秋葉原日記 (ライブラリ)

神田古本まつり

 神田古本まつりが今年も神田神保町の古書店街を会場に開かれている。
 今年が49回目というこの古書市は、全国に数ある古本まつりの中でも最大規模だろう。わが国最大の古書店街を背景にしているのだからそれは当然だが、今年は約100店が参加、100万冊が陳列されているという。
 神田神保町の古書店街は、靖国通りとその裏道のすずらん通り+さくら通り、それに交差する白山通り、それと駿河台界隈が中心となるが、今年の古本まつりの青空掘り出し市は、古書店が軒を連ねている靖国通り南側舗道沿いに、古書店と向き合うように書棚が並べられ、駿河台下から九段下手前の交差点まで数百メートルにもわたって書店と書棚に囲まれた「本の回廊」ができていて、大勢の客でにぎわっていた。

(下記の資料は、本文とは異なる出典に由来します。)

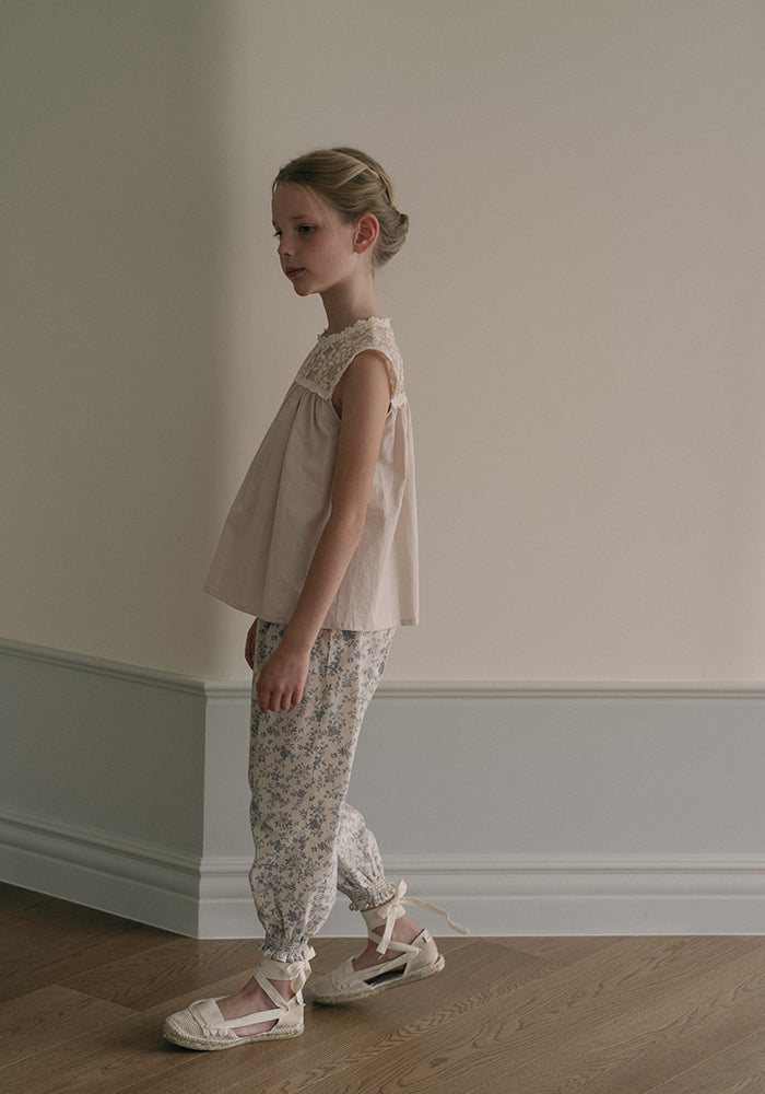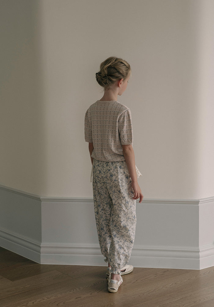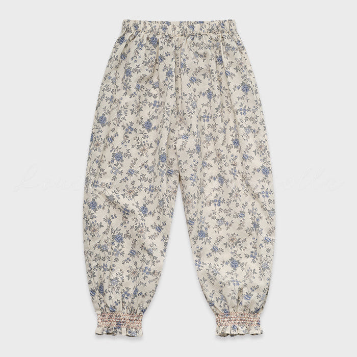 Louisiella’s jogger pants offer a relaxed fit designed for comfort during the spring and summer season. Featuring the brand’s signature romantic floral print and smocking details at the waist and cuffs, these pants blend ease and elegance, perfect for playtime or casual days with a charming twist. 100% cotton, made in Korea.
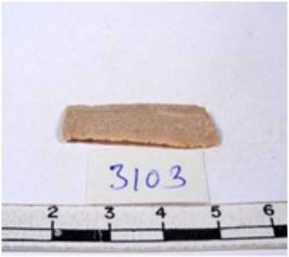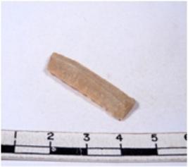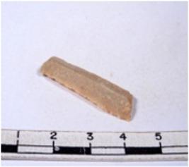 | Description / विवरण | A fragment of a rectangular shaped chert blade showing dorsal sides with sharp edges having smooth surface and triangular section. |
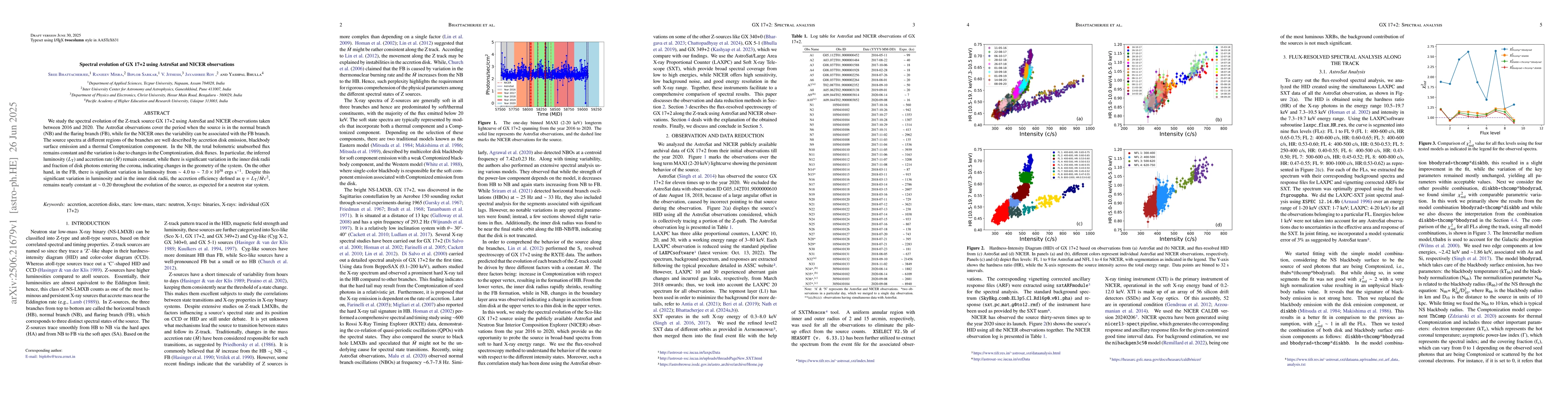 We study the spectral evolution of the Z-track source GX 17+2 using AstroSat and NICER observations taken between 2016 and 2020. The AstroSat observations cover the period when the source is in the normal branch (NB) and the flaring branch (FB), while for the NICER ones the variability can be associated with the FB branch. The source spectra at different regions of the branches are well described by accretion disk emission, blackbody surface emission and a thermal Comptonization component. In the NB, the total bolometric unabsorbed flux remains constant and the variation is due to changes in the Comptonization, disk fluxes. In particular, the inferred luminosity ($L_{\rm T}$) and accretion rate ($\dot M$) remain constant, while there is significant variation in the inner disk radii and fraction of disk photons entering the corona, indicating changes in the geometry of the system. On the other hand, in the FB, there is significant variation in luminosity from $\sim 4.0$ to $\sim 7.0 \times 10^{38}$ ergs s$^{-1}$. Despite this significant variation in luminosity and in the inner disk radii, the accretion efficiency defined as $\eta = L_{\rm T}/{\dot M} c^2$, remains nearly constant at $\sim 0.20$ throughout the evolution of the source, as expected for a neutron star system.
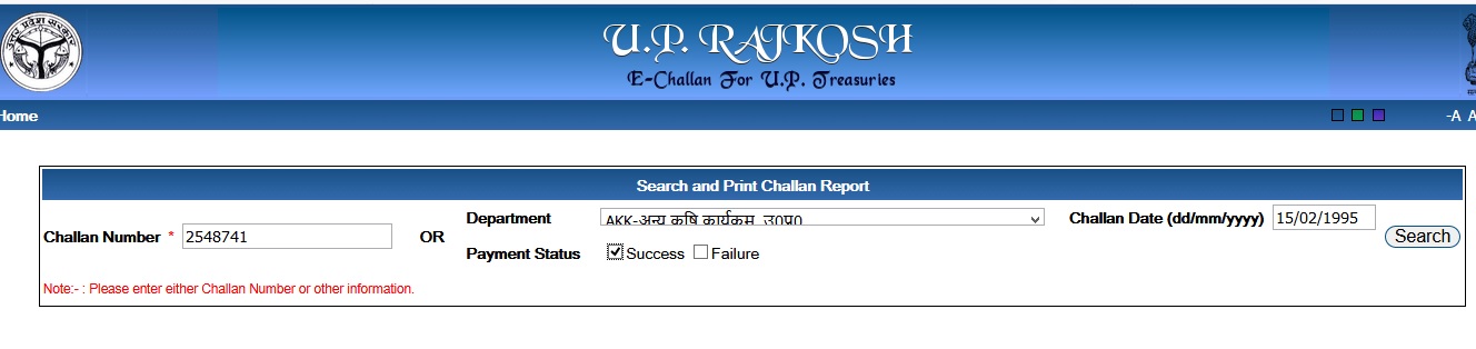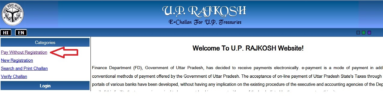 Pay Here : http://rajkosh.up.nic.in/PayWithoutReg.aspx
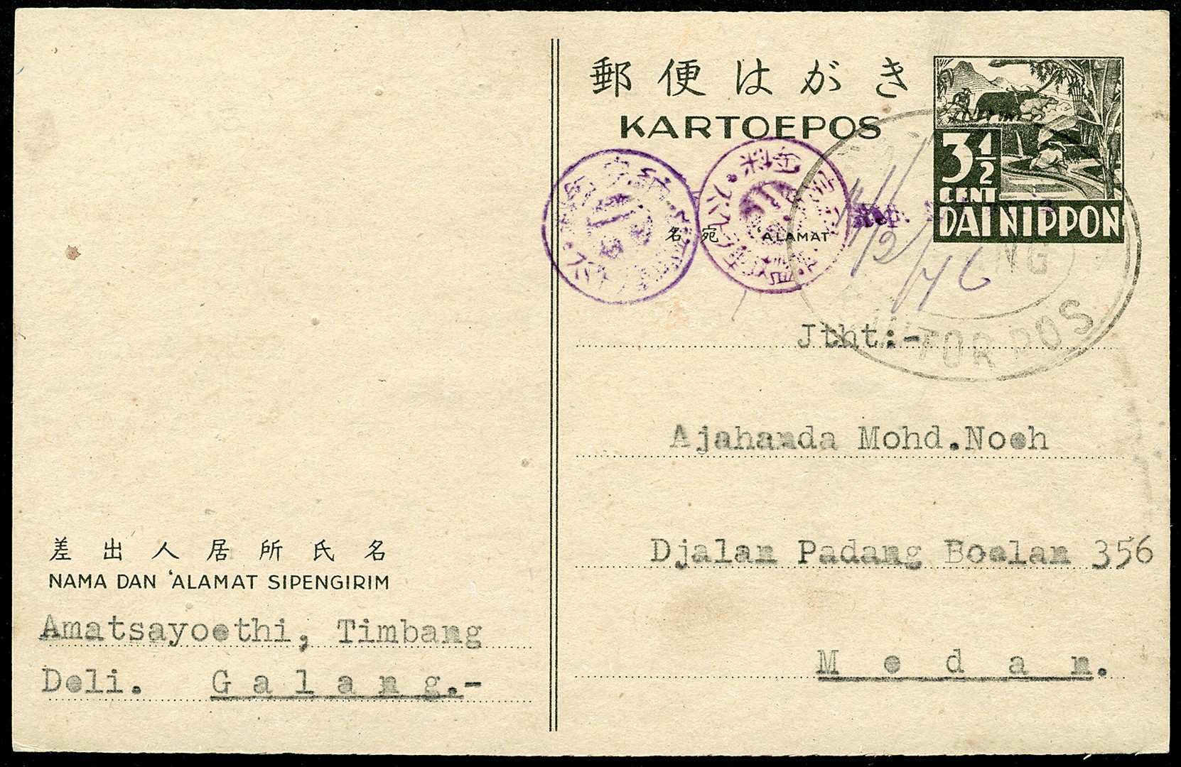 Republik. Sumatra. 3½ Cent postcard with violet Rep. Indonesia overprint type 213v and two revaluation marks in violet Bu.RS9c, from Galang with written date 11/2 46 to Medan. Light strike of the very rare oval negative postmark GALANG (type 090)
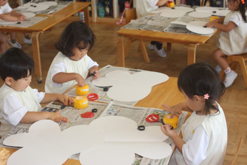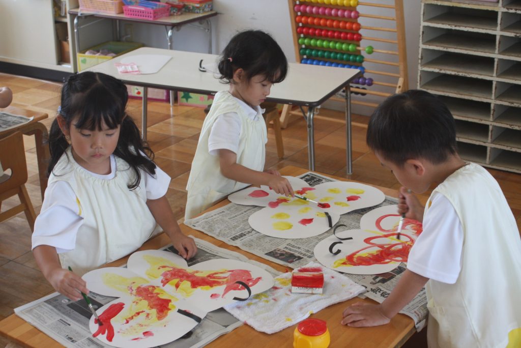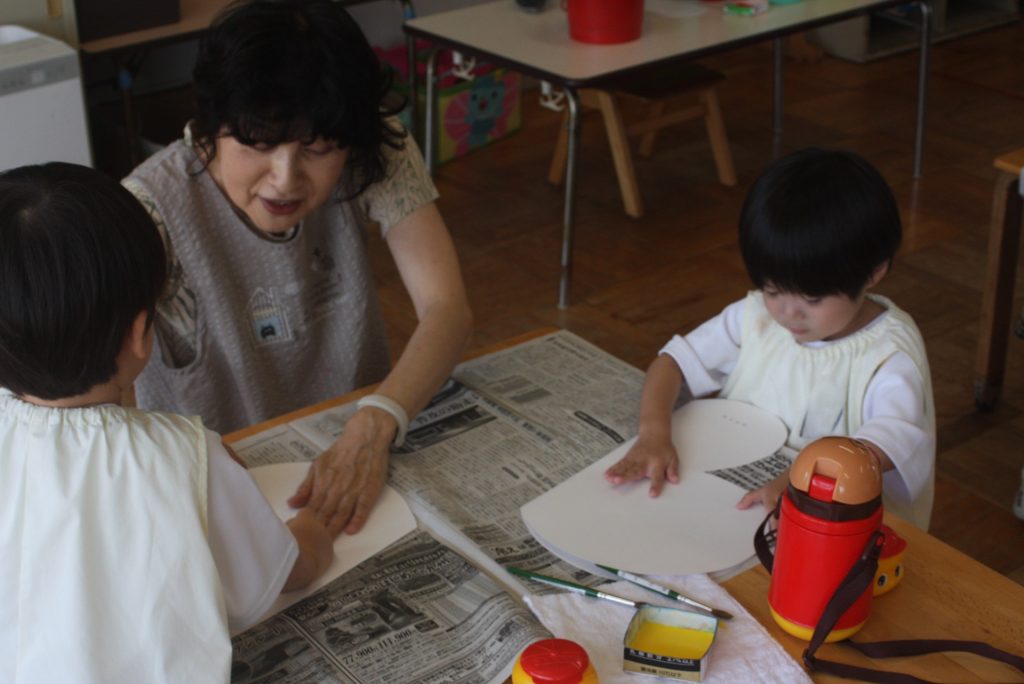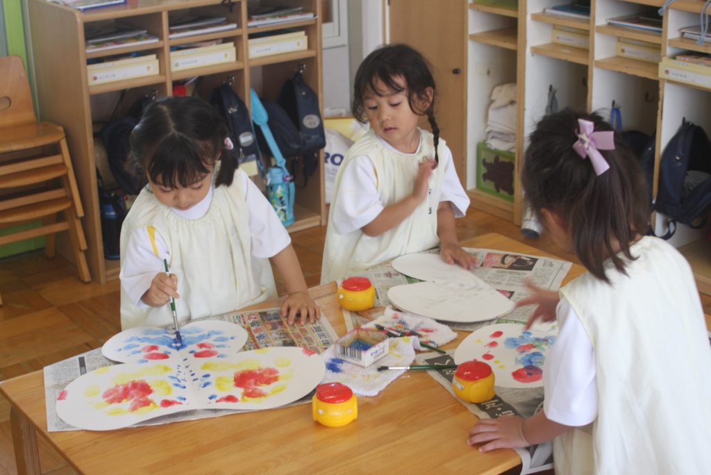 おしゃれなちょうちょ(デカルコマニー) 2024年07月18日 赤学年(年少児) 本日の絵画教室は、デカルコマニーという紙と紙の間に絵の具をたらし、二つを重ねることで予想できない模様が生まれる手法を使って、「おしゃれなちょうちょ」を制作しました。子どもたちの「やりたい!!」がいっぱいの時間となりました。
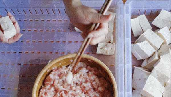 取適量豆腐、五香肉、香菇,並加入蔥、蒜末、鹽、五香粉調味。將生薑和五香豬肉切成肉末。同時將香菇切碎以獲得新鮮。將肉末和香菇末放入碗中,加入蒜末和適量的鹽五香粉,攪拌均勻備用。豆腐的選擇非常重要。市面上的水豆腐和內酯豆腐都不好。它們太嫩或者老豆腐味道不好。因此,板豆腐是首選。板豆腐是我們口中的營養豆腐。味道介於老豆腐和水豆腐之間。它最適合釀造豆腐。
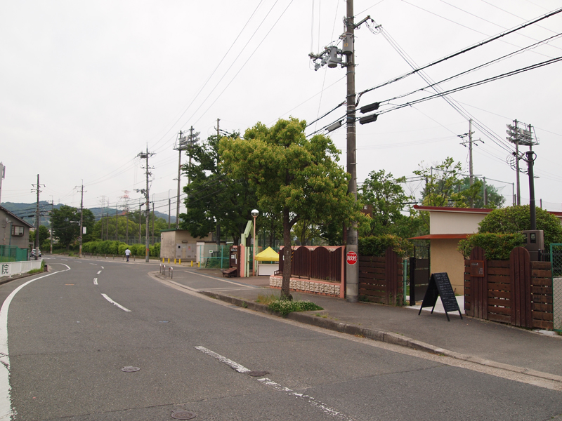 あっちに行くと踏切があって藤阪中町の学研都市線沿いの道に出ます。向かいには枚方公済病院。
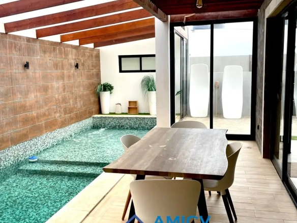 AMICV, Real Estate Agency in Cape Verde, presents this villa in the gated community Martini Resort in Calhau, with swimming pool and direct access to the beach.
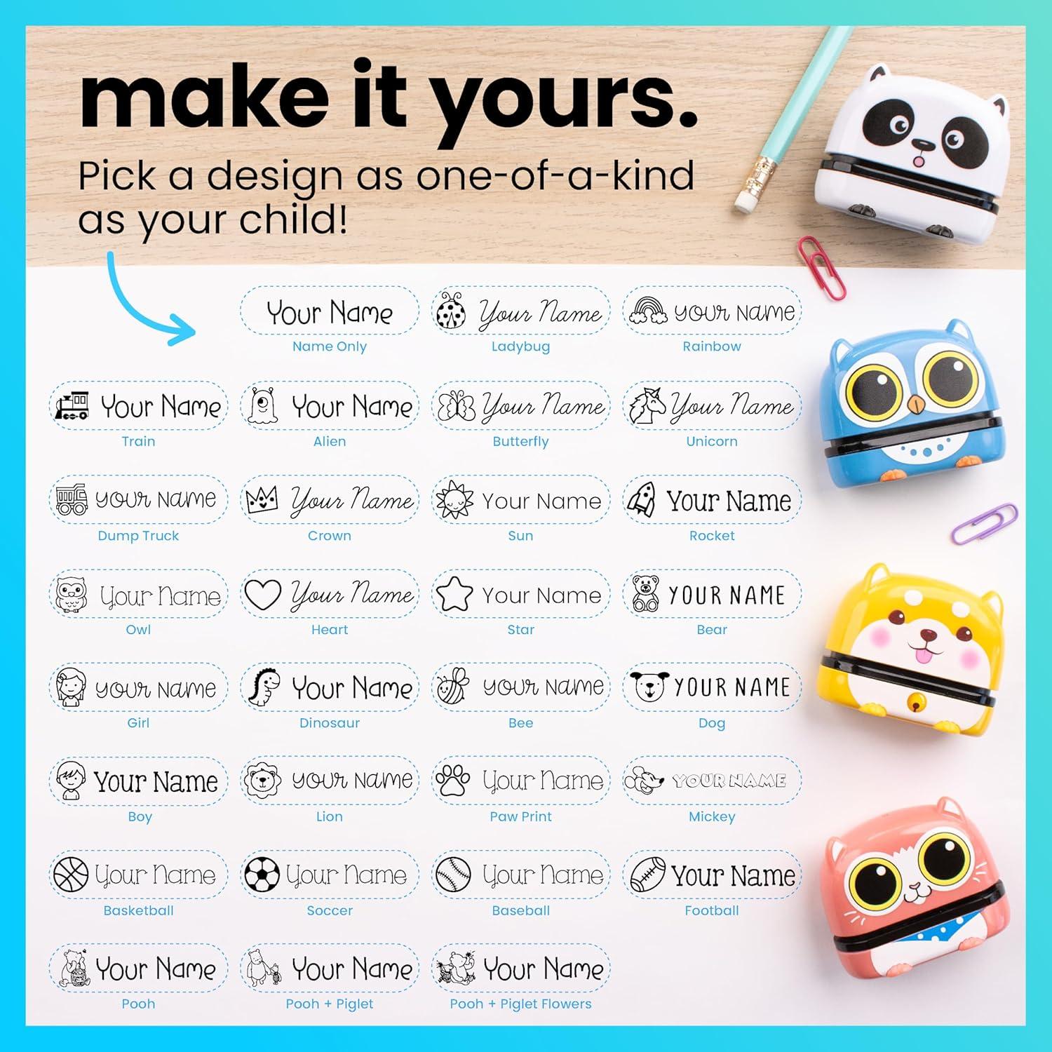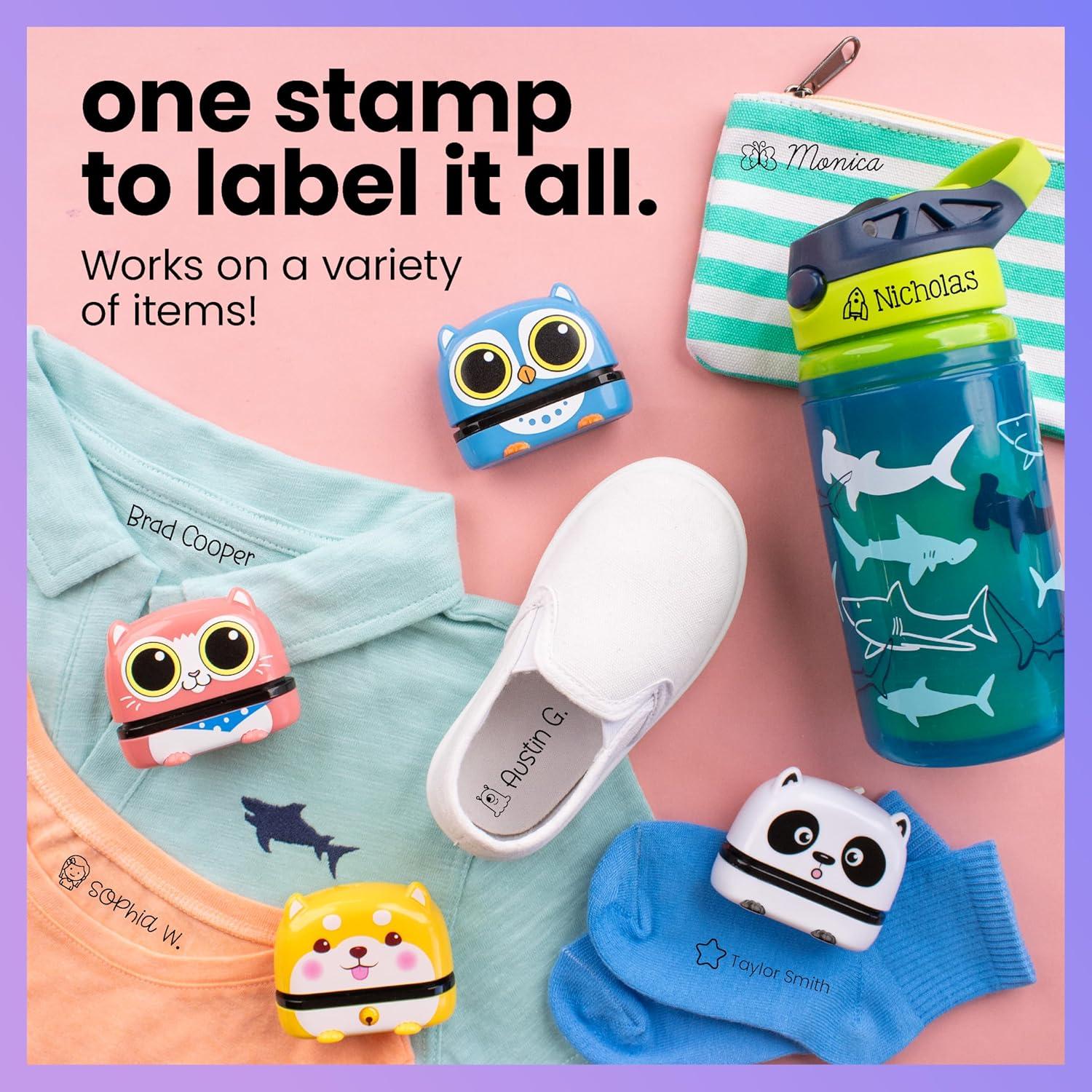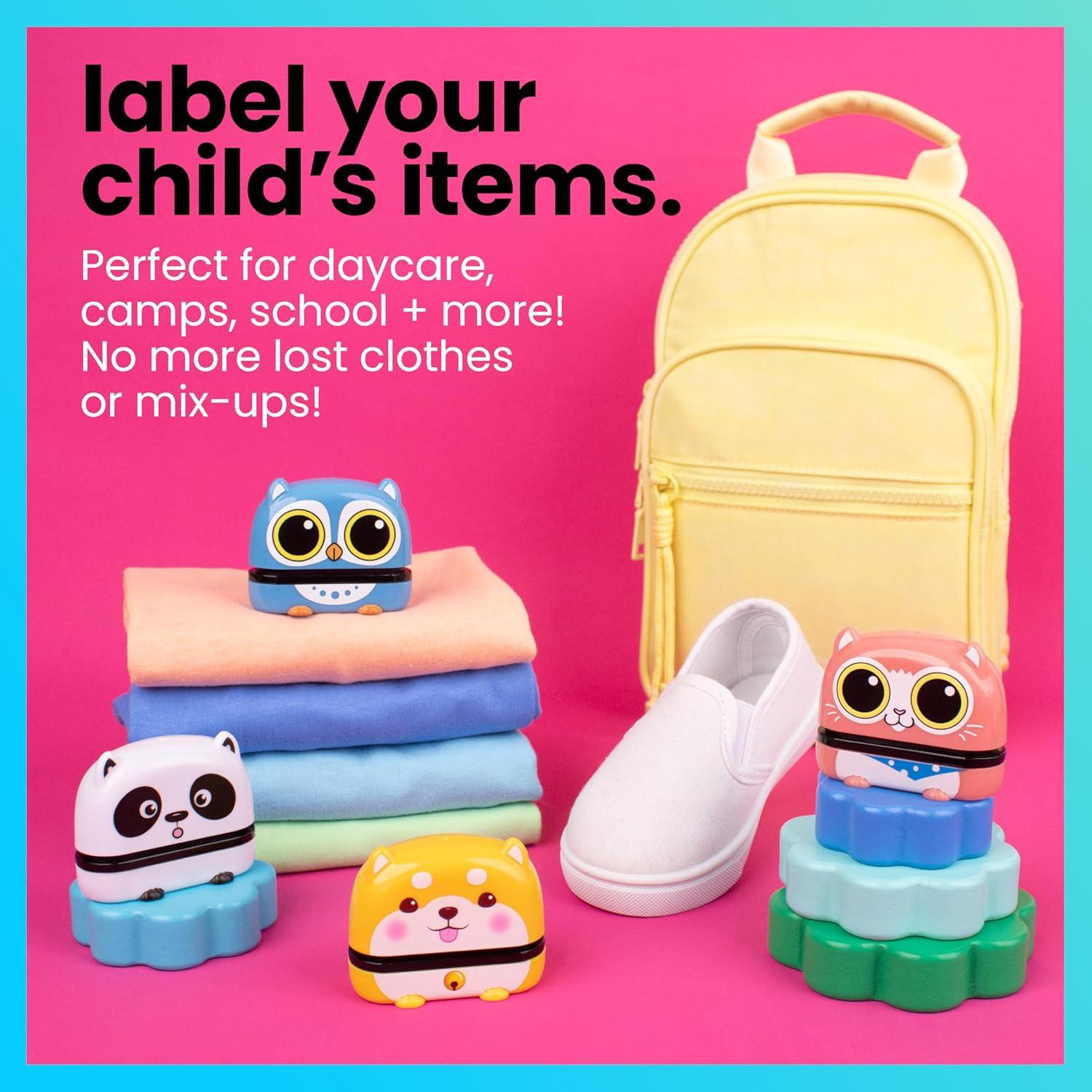 ExcelMark Clothing Name Stamp for Kids. Waterproof Ink. Perfect for Daycare, Camp, and School! (Panda)(Puppy)

 丁寧に見ていたら時間がいくらあっても足りないが、それでも通りをざっと見て回った。古本まつりにはこの40年来ほぼ毎年訪れているし、どのあたりにどういう店が出ているか、おおよそは頭に入っているし、棚の見方も慣れればコツがあって、ざっと見渡しているようでそれほどの見落としもないはずだ。
 元来が一般向けの青空市だから、それこそ掘り出し物などさほどないのだが、それでもここ数年来はレベルが落ちているというのか、端本が多くてつまらなくなった。つまり、本好きが泣く泣く手放したというようなものに巡り会うことが少ない。
 なお、古本まつりのイベントの一つとして期間中の一日だけだが古本チャリティーオークションが行われていて、これはなかなかおもしろい。
 大型本や全集、辞書類などが掛けられることが多いが、ちょっぴりだが競りのおもしろさも経験できるし、参加書店の好意によってただ同然の値で競りが始まるから思わぬ廉価で豪華本を落札できることもある。もっとも、自分の経験では、勢いに乗ってしまって余計なものを買ってしまうという嫌いがないわけでもないが。